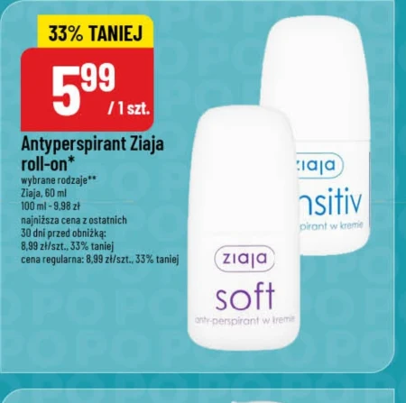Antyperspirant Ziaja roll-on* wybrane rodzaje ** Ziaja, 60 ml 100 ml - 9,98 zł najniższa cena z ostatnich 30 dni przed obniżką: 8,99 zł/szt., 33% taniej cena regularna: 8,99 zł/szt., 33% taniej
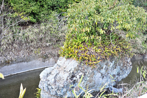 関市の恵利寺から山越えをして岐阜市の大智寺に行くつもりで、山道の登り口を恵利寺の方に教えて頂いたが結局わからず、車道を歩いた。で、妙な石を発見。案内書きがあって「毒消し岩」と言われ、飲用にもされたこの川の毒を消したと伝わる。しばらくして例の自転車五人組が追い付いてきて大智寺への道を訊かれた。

==

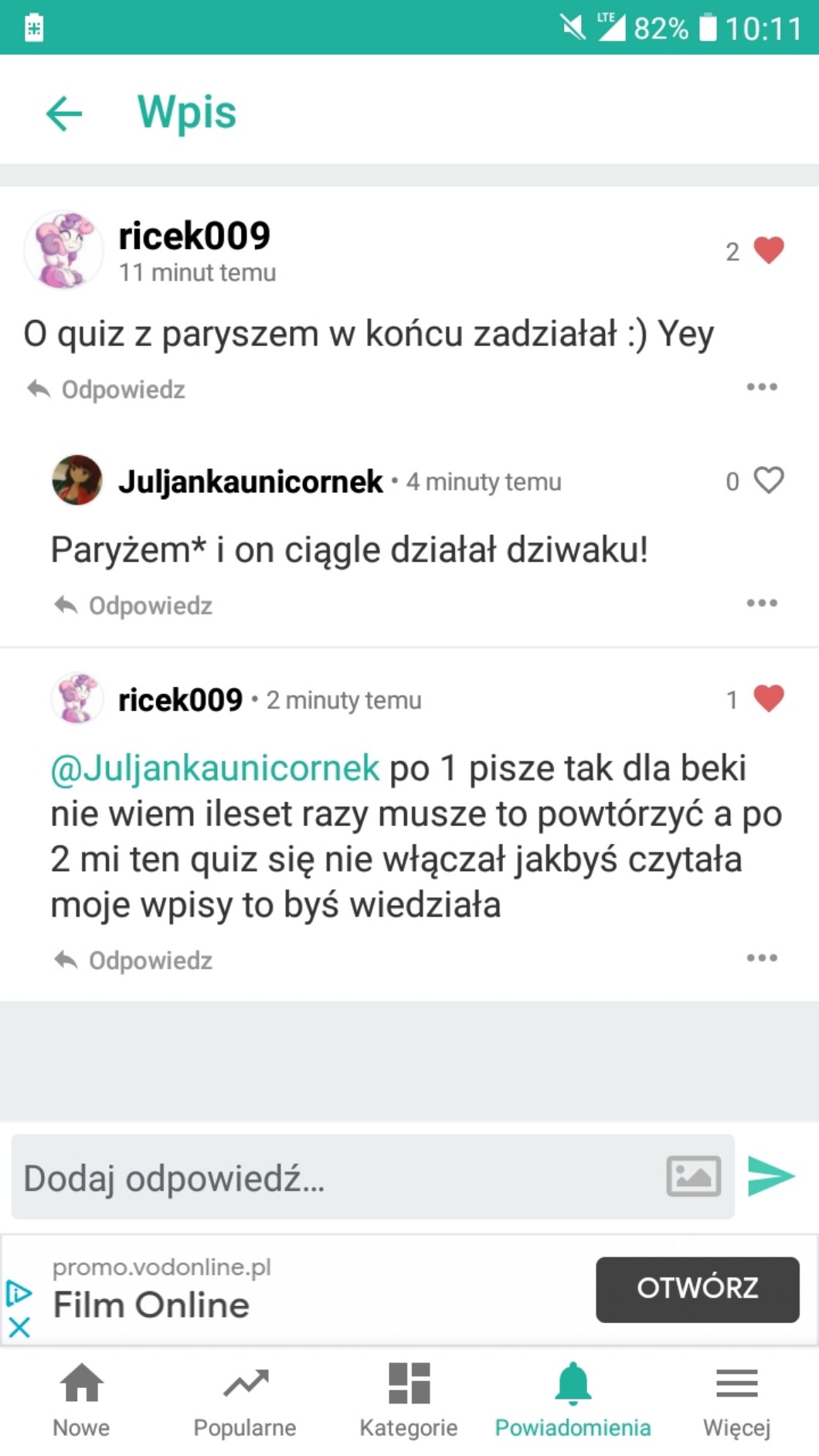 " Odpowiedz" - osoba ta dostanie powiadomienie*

* * *

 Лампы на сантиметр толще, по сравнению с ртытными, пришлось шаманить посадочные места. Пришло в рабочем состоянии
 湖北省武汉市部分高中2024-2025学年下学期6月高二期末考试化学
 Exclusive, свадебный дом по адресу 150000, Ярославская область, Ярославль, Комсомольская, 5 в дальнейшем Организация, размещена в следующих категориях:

_Problem details_: When you reach the line holding "湖北省武汉市部分高中2024-2025学年下学期6月高二期末考试化学" in the records above, begin reproducing exactly, stop after the line holding "Exclusive, свадебный дом", and output nothing else.

_Your response_:
 湖北省武汉市部分高中2024-2025学年下学期6月高二期末考试化学
 Exclusive, свадебный дом по адресу 150000, Ярославская область, Ярославль, Комсомольская, 5 в дальнейшем Организация, размещена в следующих категориях:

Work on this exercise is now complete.